A conversation with a former Autodesk Fellow
Lt. Colonel Cataleya “Cat” Carlson recently spent 10 months at Autodesk as part of the Secretary of Defense Fellowship program, designed to provide leadership experience and development for military personnel in the civilian sector. Although she didn’t know much about Autodesk before she joined the company as a fellow, she quickly became a big fan, particularly for its employee-first focus and commitment to making the world better. Her fellowship also allowed Cat to learn more about the business and technical world.
We recently talked with Cat about her experiences at Autodesk, what she learned during her 10 months with the company, and her military background and proudest accomplishments – so far.
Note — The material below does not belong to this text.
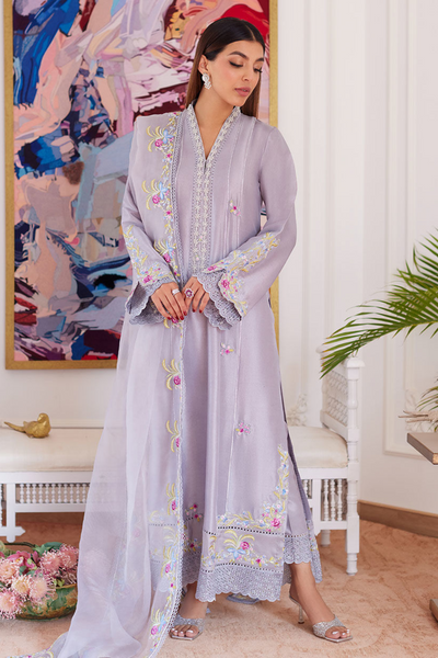 Embody modern elegance with this silver-grey ensemble from Farah Talib Aziz Luxe Pret'24. The five-paneled long kiladar exudes effortless class with its flattering pearl-embellished neckline and voluminous silhouette. The hem and sleeves are adorned with contrasting floral borders, enhancing the romantic aesthetic. Paired with pure raw silk pants featuring intricate schiffli borders, this look is completed with an organza dupatta. The dupatta is delicately embellished with floral resham borders, elevating the elegance of this outfit. This chic and timeless ensemble is an essential addition to any wardrobe, combining sophistication with refined grace.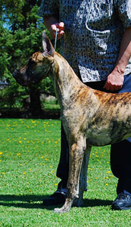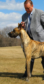 AM CH DIVINE ACRES ANUBIS x BISS AM CH BISS BPIS CAN CH STRIDERS SILKEN FANTASY Brindle Female Pure Color Bred Breeders: Glen & Kelly Tait Owner: Justin Hayes

Tell us about your military background.
I grew up as a military brat and traveled the world before I was six. I initially joined the Air Force as a chemist but was concerned with where that career field was taking me. I saw a flyer at the gym offering a 20-minute ride for $20 in an Aeroclub plane and decided to check it out. I instantly fell in love with flying and spent the next year dedicated to getting my pilot’s license. I got selected for pilot training and I’ve been a C-130 pilot since 2009. Some of my military highlights are circumnavigating the world twice in a C-130 and my overseas assignments in Japan. I’ve been told people in Autodesk will be the highlight of my career second only to my time commanding a squadron in Japan.
Talk about your role as a fellow at Autodesk.
My fellowship at Autodesk was a welcome pause from the constant churn of the military. It’s good to have a break from that pressure and experience something I haven’t done yet in my professional life. I’ve been in the military for 19 years and I grew up in a military family so that’s all I knew.
I wasn’t familiar with what a tech company does or the practice of foresight. After seeing what the Autodesk strategic foresight team does, I recognized some areas of potential improvement for the military regarding its own foresight practice. I intend to continue working with the team to develop a curriculum or best-practices to share with military officers.
How did you learn about this opportunity at Autodesk?
As part of the Senior Service College with the military, I could apply for certain programs ranging from the War College to Foreign School exchanges to multiple different fellowships. There were 17 fellows competitively selected for this track and we each had to rank our top choices based on which companies offered fellowships. I spent a lot of time looking at the list and after doing more research, Autodesk quickly moved to the top of my list. As I learned more about the company, I respected the vision, the mission, the purpose of Autodesk. And once I joined Autodesk, I realized it wasn’t all smoke and mirrors. Everyone I ran into really wants to make a positive change in the world and they’re working hard towards that.
What was a highlight of your time at Autodesk?
I talked often with other fellows at different companies and bragged about how great Autodesk is. When I got to host them, it was fun to show off how awesome Autodesk is. They got the full San Francisco experience and got to see how Autodesk is driving change in the world in a positive way while also taking care of their people.
What’s your proudest accomplishment so far?
While I love my military career and the education I’ve pursued, I’m most proud of being an aunt to my five nieces and one nephew who really look up to me. My brother’s two youngest girls are attached to my hip when I visit them, and I’m proud to inspire and support them in anything from sports to flying airplanes to pursuing their education goals! One of the best parts of my Autodesk fellowship was being so close to my family and getting to spend more time with them.